* **Available data**:
**********

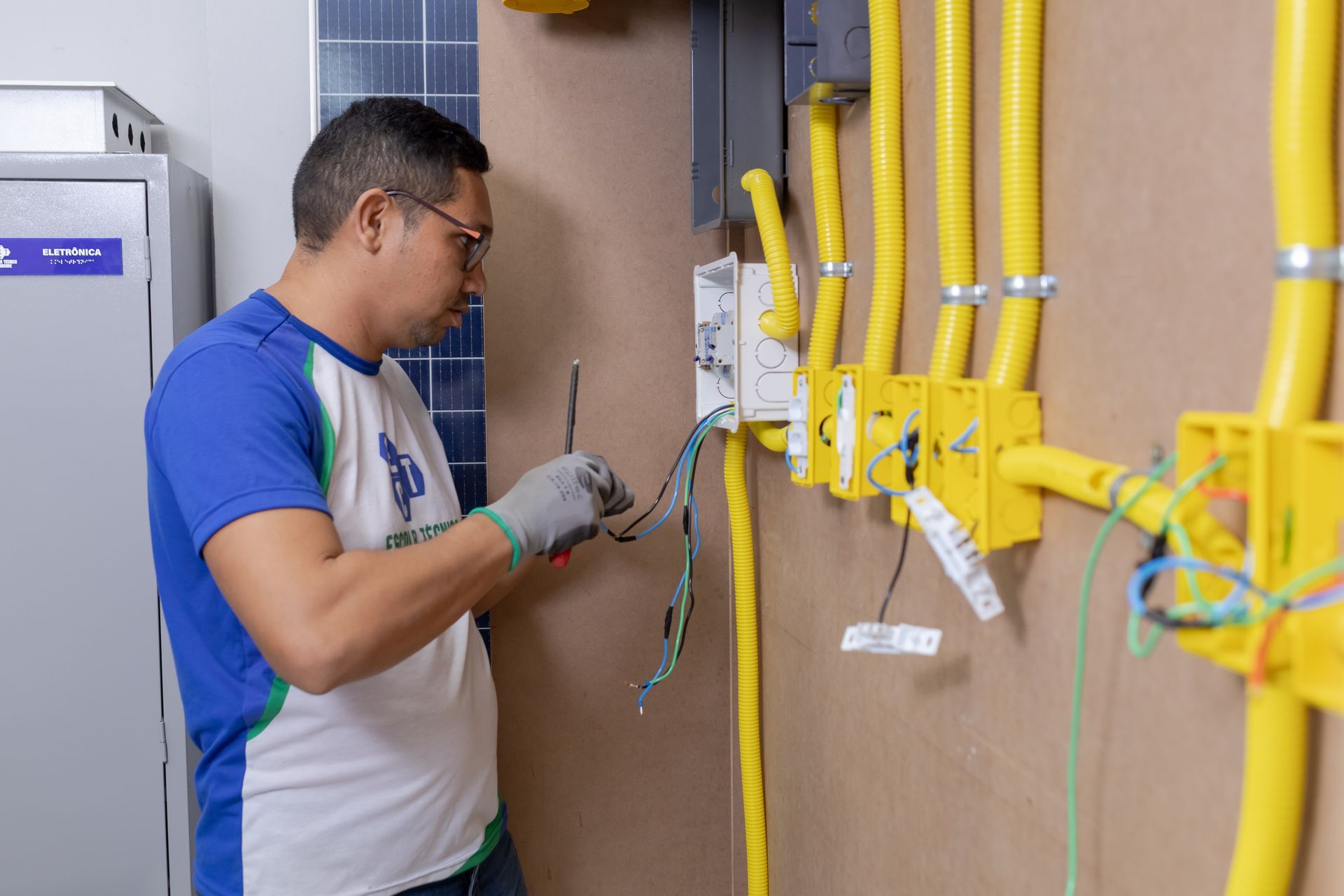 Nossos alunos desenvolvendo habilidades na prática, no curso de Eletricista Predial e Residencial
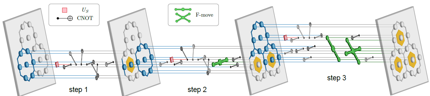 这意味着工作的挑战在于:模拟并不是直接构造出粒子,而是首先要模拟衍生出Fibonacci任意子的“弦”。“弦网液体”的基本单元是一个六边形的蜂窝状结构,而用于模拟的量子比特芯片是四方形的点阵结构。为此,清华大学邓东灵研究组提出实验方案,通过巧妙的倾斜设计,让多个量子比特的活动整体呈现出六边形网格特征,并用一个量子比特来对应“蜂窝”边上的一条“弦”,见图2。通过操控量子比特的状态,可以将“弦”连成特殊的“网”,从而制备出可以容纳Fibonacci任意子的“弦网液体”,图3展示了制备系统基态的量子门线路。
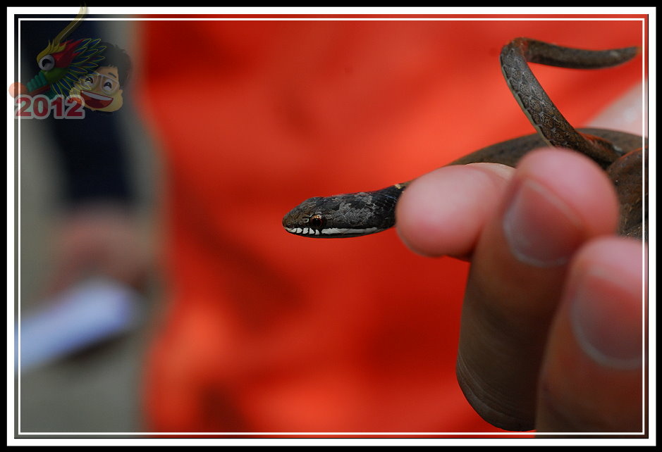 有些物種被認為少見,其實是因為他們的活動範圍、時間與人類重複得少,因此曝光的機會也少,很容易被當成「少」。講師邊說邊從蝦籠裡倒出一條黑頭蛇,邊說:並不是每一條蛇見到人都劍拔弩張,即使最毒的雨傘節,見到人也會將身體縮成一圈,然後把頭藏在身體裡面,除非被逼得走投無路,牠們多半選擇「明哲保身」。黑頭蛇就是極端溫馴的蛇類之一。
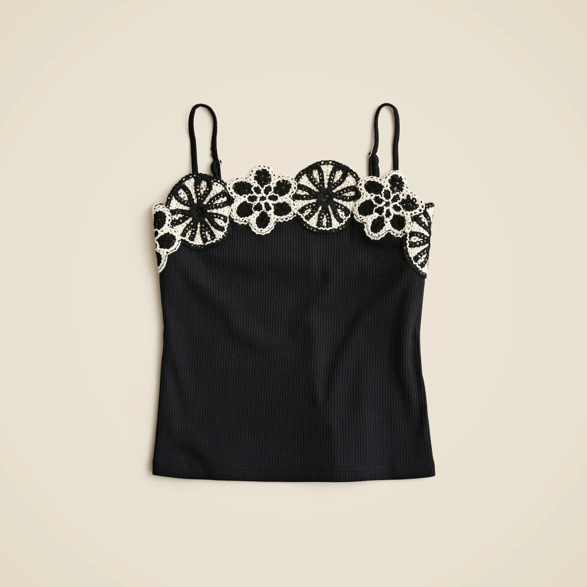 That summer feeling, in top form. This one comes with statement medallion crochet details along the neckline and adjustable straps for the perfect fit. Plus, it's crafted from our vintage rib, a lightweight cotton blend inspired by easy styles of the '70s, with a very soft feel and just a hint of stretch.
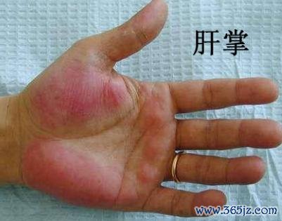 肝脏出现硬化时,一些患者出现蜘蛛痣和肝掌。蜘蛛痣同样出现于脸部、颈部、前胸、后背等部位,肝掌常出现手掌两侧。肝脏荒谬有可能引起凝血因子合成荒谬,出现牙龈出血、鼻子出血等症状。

**********

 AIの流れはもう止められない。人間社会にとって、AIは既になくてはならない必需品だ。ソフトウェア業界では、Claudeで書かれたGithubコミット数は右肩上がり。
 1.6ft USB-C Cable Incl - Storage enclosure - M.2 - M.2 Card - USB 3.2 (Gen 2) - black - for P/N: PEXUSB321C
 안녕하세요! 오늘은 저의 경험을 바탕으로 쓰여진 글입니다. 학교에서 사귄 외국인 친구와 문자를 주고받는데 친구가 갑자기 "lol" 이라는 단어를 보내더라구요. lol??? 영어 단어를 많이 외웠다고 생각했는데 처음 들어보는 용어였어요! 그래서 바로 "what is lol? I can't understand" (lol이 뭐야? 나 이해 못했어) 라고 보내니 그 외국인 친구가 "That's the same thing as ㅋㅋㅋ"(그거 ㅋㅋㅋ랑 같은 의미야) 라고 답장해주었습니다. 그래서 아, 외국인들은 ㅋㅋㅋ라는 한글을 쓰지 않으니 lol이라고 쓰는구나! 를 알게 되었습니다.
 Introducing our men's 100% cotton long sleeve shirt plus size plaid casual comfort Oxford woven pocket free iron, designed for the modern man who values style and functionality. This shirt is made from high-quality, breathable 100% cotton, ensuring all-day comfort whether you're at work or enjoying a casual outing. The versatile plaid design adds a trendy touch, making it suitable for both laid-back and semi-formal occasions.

**********

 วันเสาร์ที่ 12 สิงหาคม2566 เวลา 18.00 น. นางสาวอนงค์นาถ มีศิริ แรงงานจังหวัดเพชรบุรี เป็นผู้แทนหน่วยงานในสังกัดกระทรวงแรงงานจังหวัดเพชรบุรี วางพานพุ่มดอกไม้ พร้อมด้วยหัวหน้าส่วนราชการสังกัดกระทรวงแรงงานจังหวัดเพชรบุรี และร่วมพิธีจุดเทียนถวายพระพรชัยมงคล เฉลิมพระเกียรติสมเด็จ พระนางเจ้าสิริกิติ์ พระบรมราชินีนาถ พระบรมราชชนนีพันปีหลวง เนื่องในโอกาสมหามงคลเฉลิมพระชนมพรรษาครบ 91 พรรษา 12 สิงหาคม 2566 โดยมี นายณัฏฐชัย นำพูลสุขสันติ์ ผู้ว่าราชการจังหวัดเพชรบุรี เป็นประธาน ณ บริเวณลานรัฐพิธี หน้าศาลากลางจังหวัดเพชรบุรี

**********

* **Problem to solve**: Could you repeat, exactly, only the lines above starting at the one that has "That summer feeling, in" and stopping after the one that has "肝脏出现硬化时,一些患者出现", without the pictures?

* **Output for this task**:
 That summer feeling, in top form. This one comes with statement medallion crochet details along the neckline and adjustable straps for the perfect fit. Plus, it's crafted from our vintage rib, a lightweight cotton blend inspired by easy styles of the '70s, with a very soft feel and just a hint of stretch.
 肝脏出现硬化时,一些患者出现蜘蛛痣和肝掌。蜘蛛痣同样出现于脸部、颈部、前胸、后背等部位,肝掌常出现手掌两侧。肝脏荒谬有可能引起凝血因子合成荒谬,出现牙龈出血、鼻子出血等症状。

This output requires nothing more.